## What needs to be done
Any picture in the data below should be skipped, while every line is repeated exactly.

## Recorded data
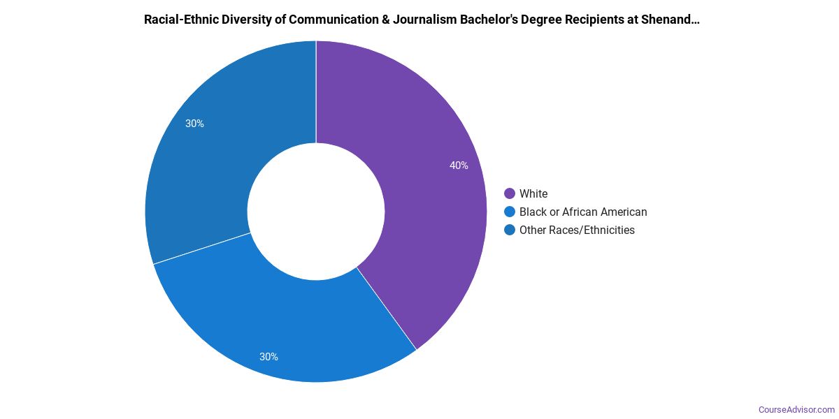 About 63% of those who receive a bachelor's degree in communication & journalism at Shenandoah are white. This is above average for this degree on the nationwide level.
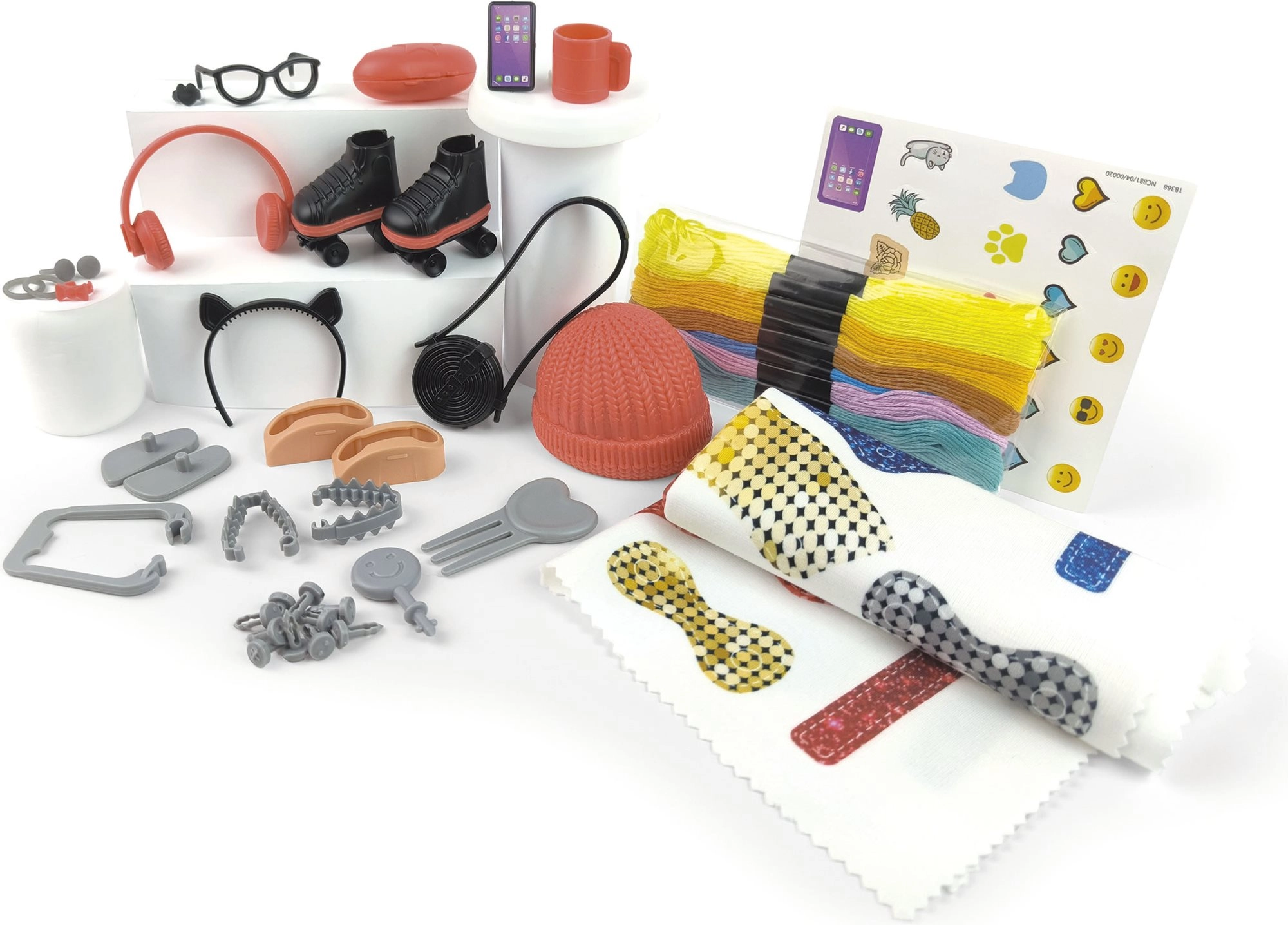 - Сглобяема кукла, плат с предпечатани кройки 61 × 32 см, модни аксесоари, конци за коса, перфоратор за облекла, аксесоари, илюстрирано ръководство
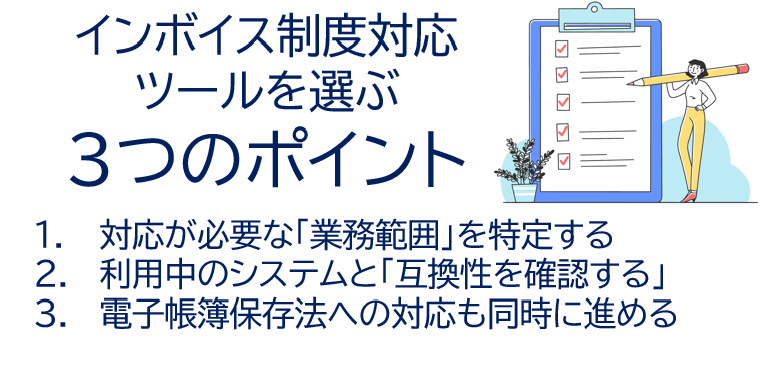 インボイス制度に対応するツールを選ぶ際、必ず押さえておくべきポイントがあります。次の3つのポイントを踏まえて、自社に適したツールを選びましょう。
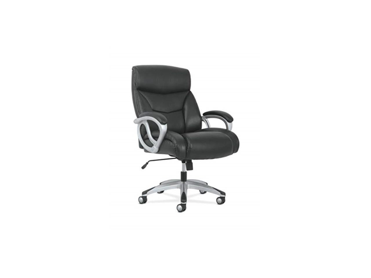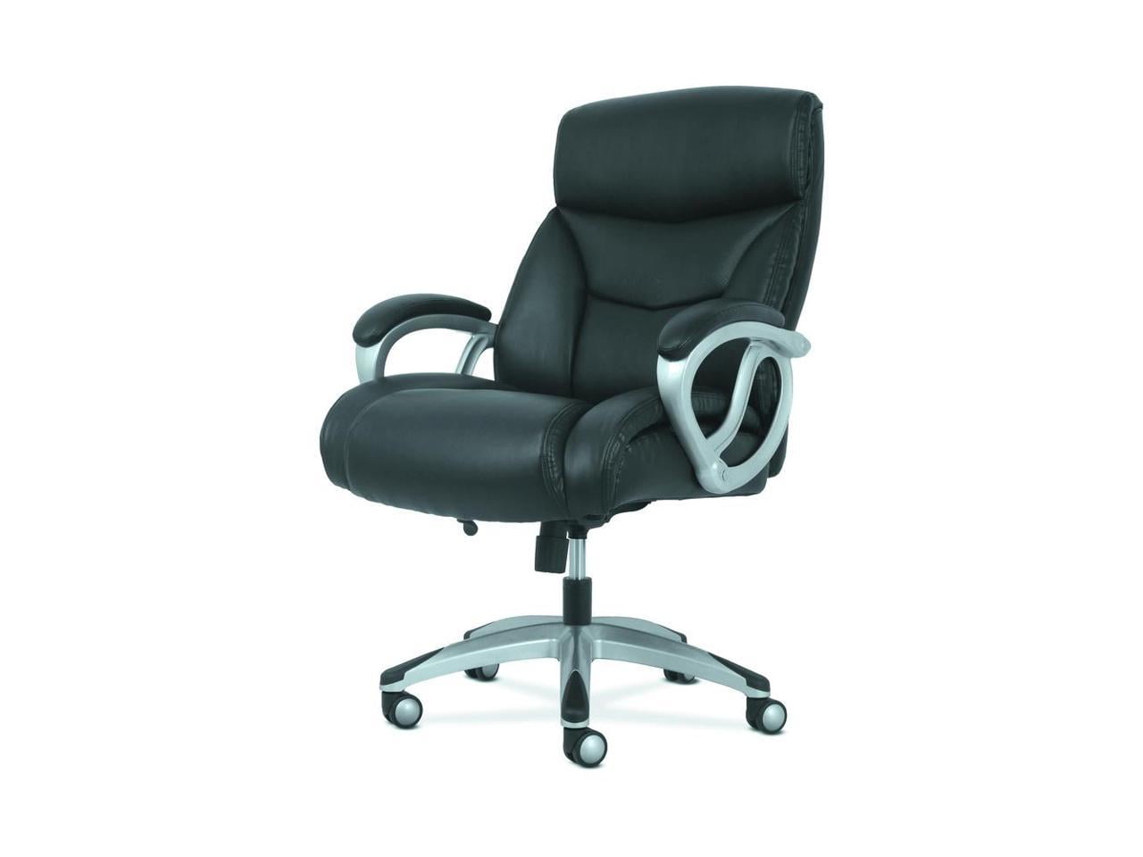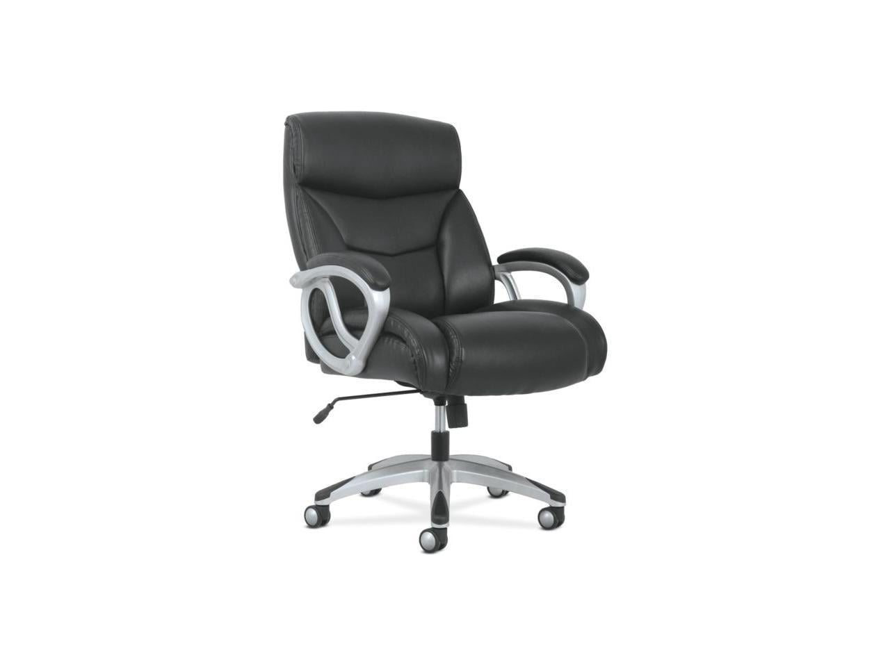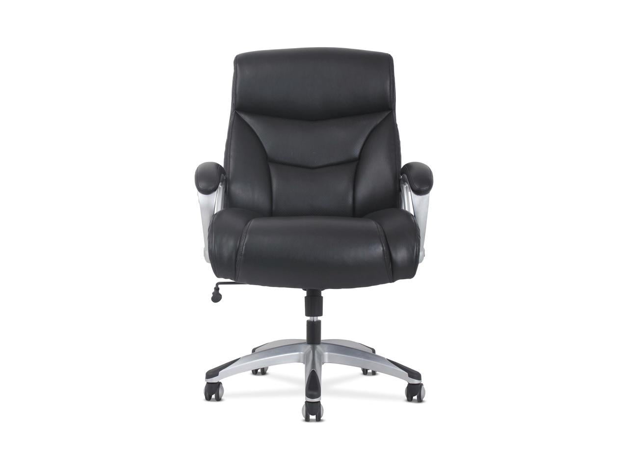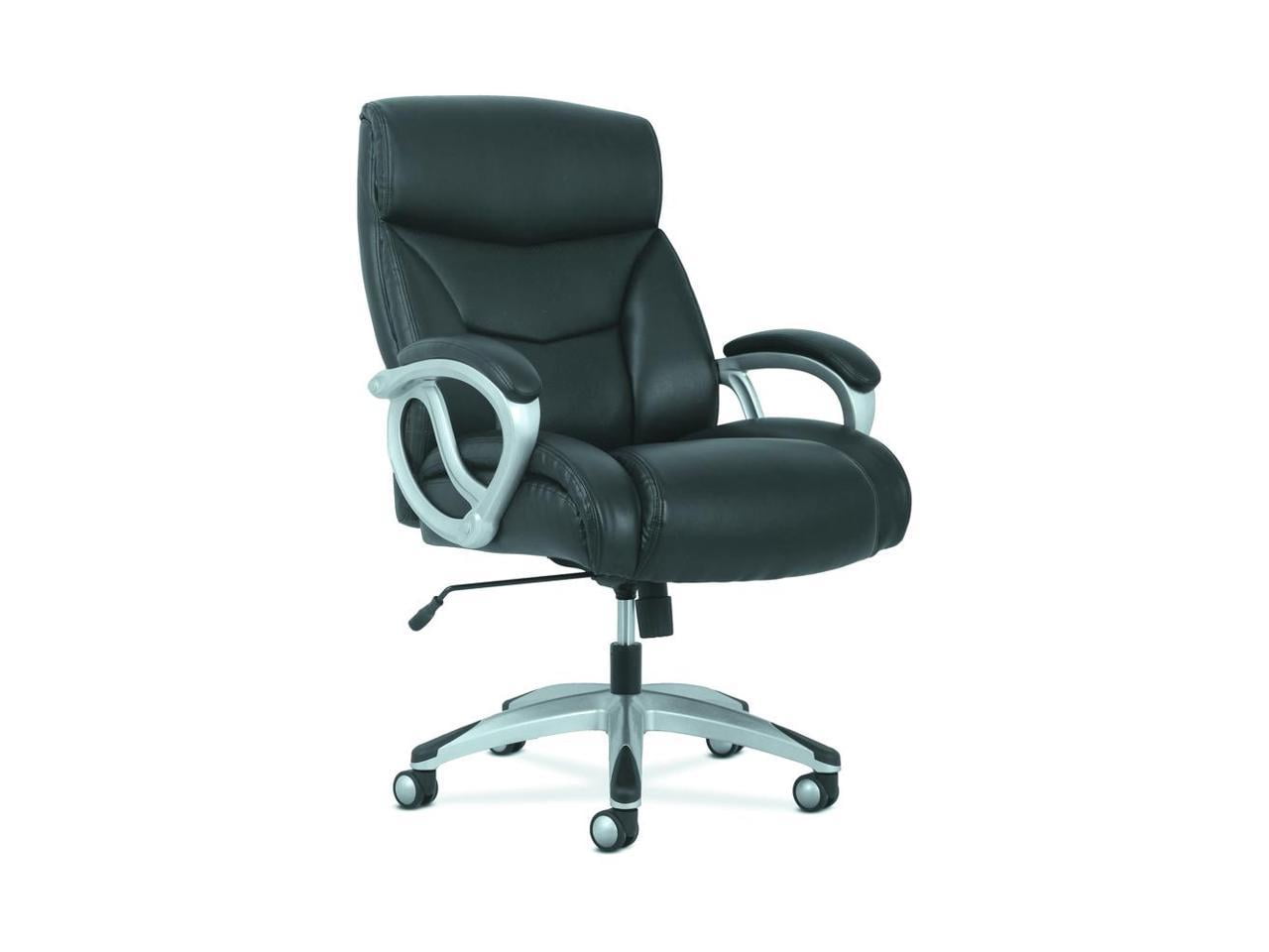 SofThread leather upholstery is Black Padded arms provide upper body support 360-degree swivel provides freedom of movement in any direction

## Response area
 About 63% of those who receive a bachelor's degree in communication & journalism at Shenandoah are white. This is above average for this degree on the nationwide level.
 - Сглобяема кукла, плат с предпечатани кройки 61 × 32 см, модни аксесоари, конци за коса, перфоратор за облекла, аксесоари, илюстрирано ръководство
 インボイス制度に対応するツールを選ぶ際、必ず押さえておくべきポイントがあります。次の3つのポイントを踏まえて、自社に適したツールを選びましょう。
 SofThread leather upholstery is Black Padded arms provide upper body support 360-degree swivel provides freedom of movement in any direction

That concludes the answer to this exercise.